GOAL OF THE EXERCISE
Print out each entry without alteration, and keep the pictures out.

SUPPLIED RECORDS
☆ ☆ ☆ ☆

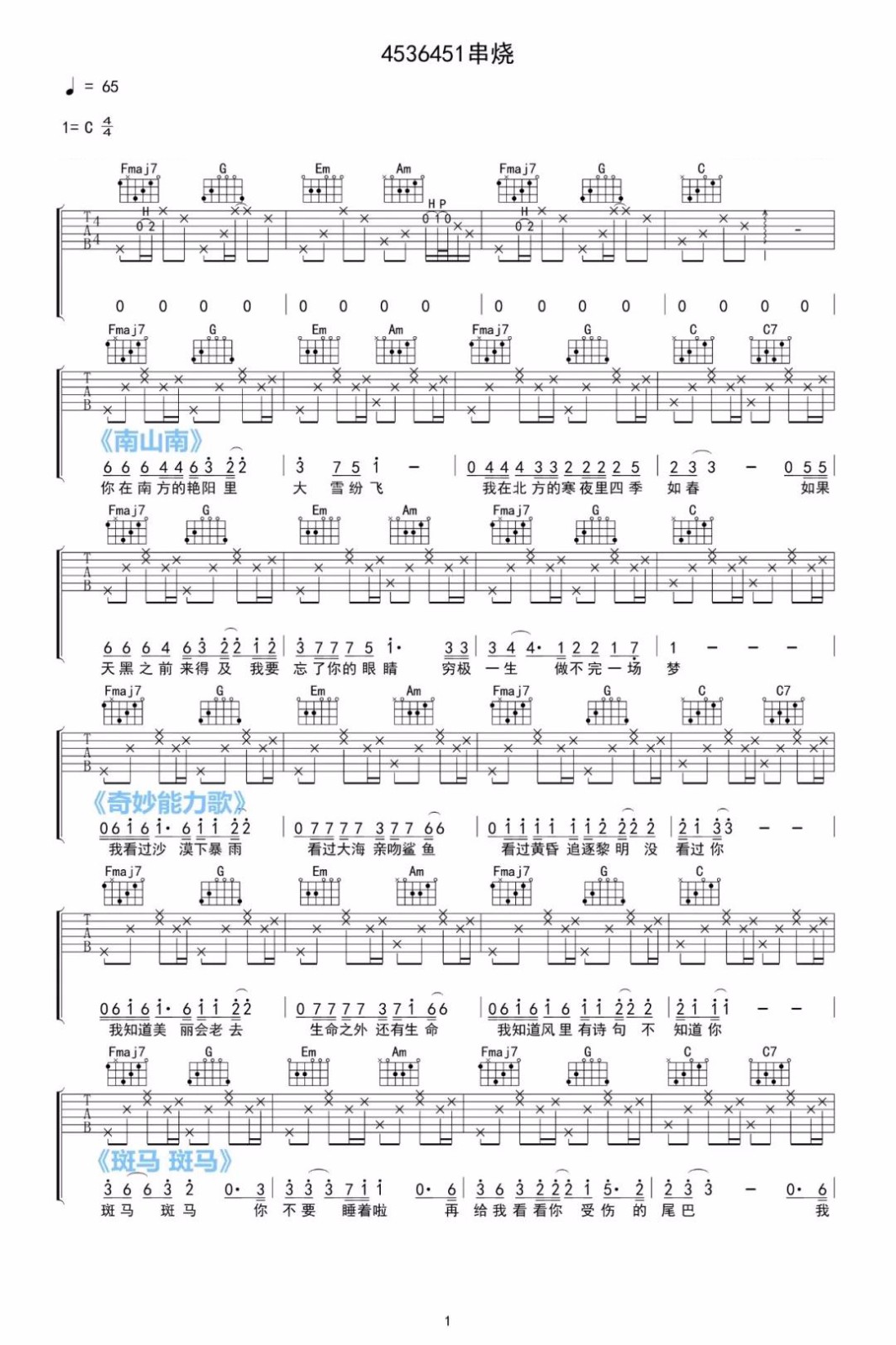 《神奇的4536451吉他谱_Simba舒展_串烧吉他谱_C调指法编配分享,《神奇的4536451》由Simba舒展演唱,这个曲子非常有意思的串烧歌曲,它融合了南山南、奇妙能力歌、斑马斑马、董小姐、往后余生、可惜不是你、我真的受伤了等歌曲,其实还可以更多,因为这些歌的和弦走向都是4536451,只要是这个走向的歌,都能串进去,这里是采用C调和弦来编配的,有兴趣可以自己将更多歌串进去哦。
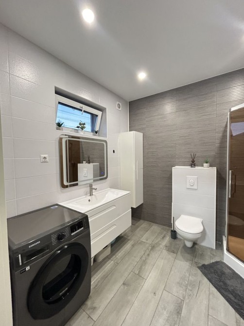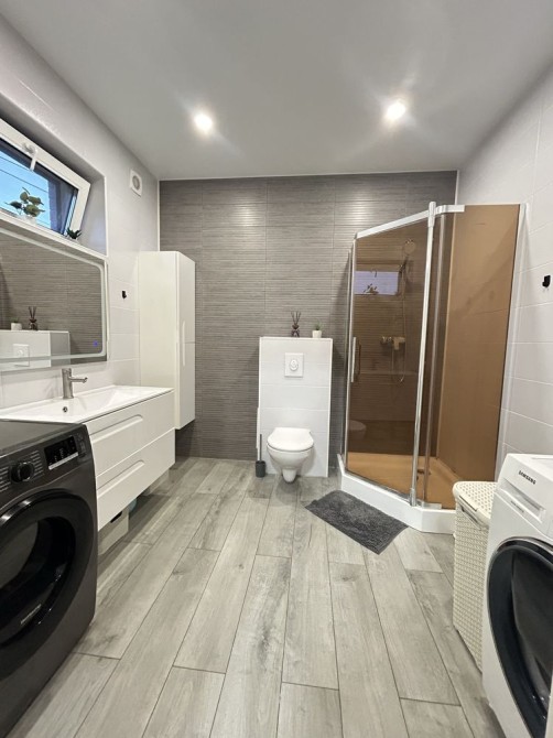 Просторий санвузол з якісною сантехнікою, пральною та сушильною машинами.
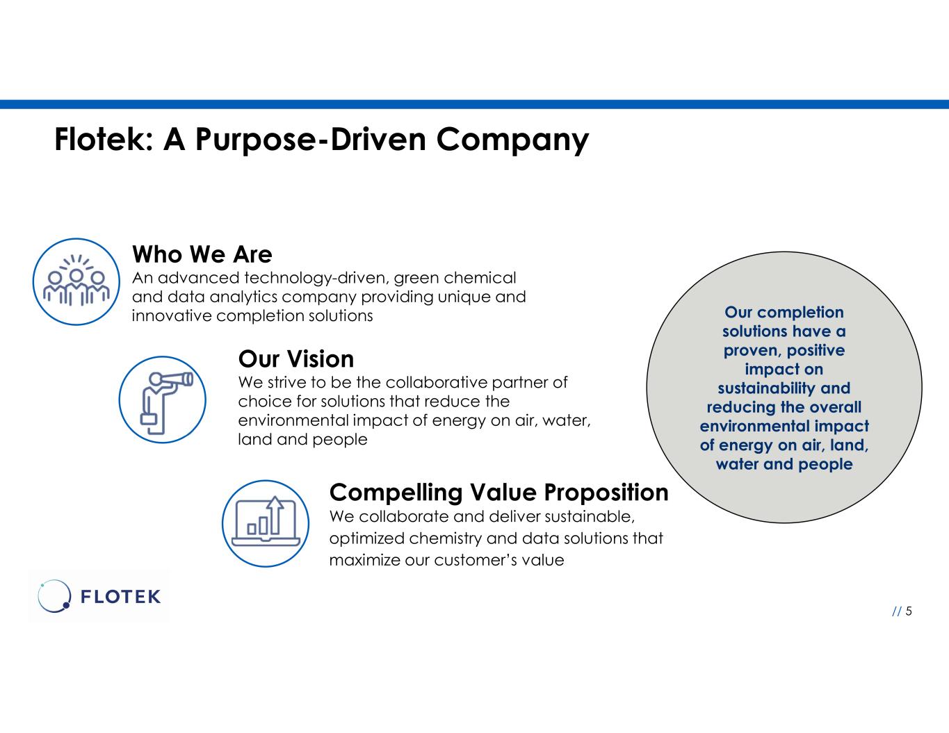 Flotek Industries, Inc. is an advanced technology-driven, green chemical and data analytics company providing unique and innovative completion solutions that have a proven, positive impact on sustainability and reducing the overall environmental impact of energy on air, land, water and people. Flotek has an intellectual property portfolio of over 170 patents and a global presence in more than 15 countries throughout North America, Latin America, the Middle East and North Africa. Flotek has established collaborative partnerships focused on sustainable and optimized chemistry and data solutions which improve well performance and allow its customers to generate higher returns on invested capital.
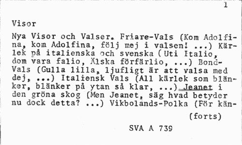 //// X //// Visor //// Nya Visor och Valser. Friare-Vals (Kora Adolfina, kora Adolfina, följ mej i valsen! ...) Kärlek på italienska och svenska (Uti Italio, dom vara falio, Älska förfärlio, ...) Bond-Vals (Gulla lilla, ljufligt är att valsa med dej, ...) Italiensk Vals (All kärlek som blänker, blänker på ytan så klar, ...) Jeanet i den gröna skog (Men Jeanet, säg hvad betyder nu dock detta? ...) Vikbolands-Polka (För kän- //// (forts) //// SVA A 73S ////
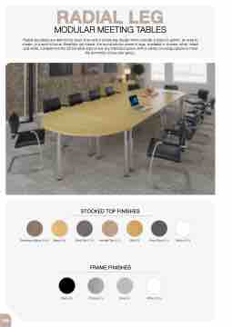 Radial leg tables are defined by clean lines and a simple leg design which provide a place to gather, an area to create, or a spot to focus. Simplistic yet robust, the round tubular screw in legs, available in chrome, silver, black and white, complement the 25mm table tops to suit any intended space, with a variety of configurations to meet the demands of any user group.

☆ ☆ ☆ ☆

EXPECTED ANSWER
 《神奇的4536451吉他谱_Simba舒展_串烧吉他谱_C调指法编配分享,《神奇的4536451》由Simba舒展演唱,这个曲子非常有意思的串烧歌曲,它融合了南山南、奇妙能力歌、斑马斑马、董小姐、往后余生、可惜不是你、我真的受伤了等歌曲,其实还可以更多,因为这些歌的和弦走向都是4536451,只要是这个走向的歌,都能串进去,这里是采用C调和弦来编配的,有兴趣可以自己将更多歌串进去哦。
 Просторий санвузол з якісною сантехнікою, пральною та сушильною машинами.
 Flotek Industries, Inc. is an advanced technology-driven, green chemical and data analytics company providing unique and innovative completion solutions that have a proven, positive impact on sustainability and reducing the overall environmental impact of energy on air, land, water and people. Flotek has an intellectual property portfolio of over 170 patents and a global presence in more than 15 countries throughout North America, Latin America, the Middle East and North Africa. Flotek has established collaborative partnerships focused on sustainable and optimized chemistry and data solutions which improve well performance and allow its customers to generate higher returns on invested capital.
 //// X //// Visor //// Nya Visor och Valser. Friare-Vals (Kora Adolfina, kora Adolfina, följ mej i valsen! ...) Kärlek på italienska och svenska (Uti Italio, dom vara falio, Älska förfärlio, ...) Bond-Vals (Gulla lilla, ljufligt är att valsa med dej, ...) Italiensk Vals (All kärlek som blänker, blänker på ytan så klar, ...) Jeanet i den gröna skog (Men Jeanet, säg hvad betyder nu dock detta? ...) Vikbolands-Polka (För kän- //// (forts) //// SVA A 73S ////
 Radial leg tables are defined by clean lines and a simple leg design which provide a place to gather, an area to create, or a spot to focus. Simplistic yet robust, the round tubular screw in legs, available in chrome, silver, black and white, complement the 25mm table tops to suit any intended space, with a variety of configurations to meet the demands of any user group.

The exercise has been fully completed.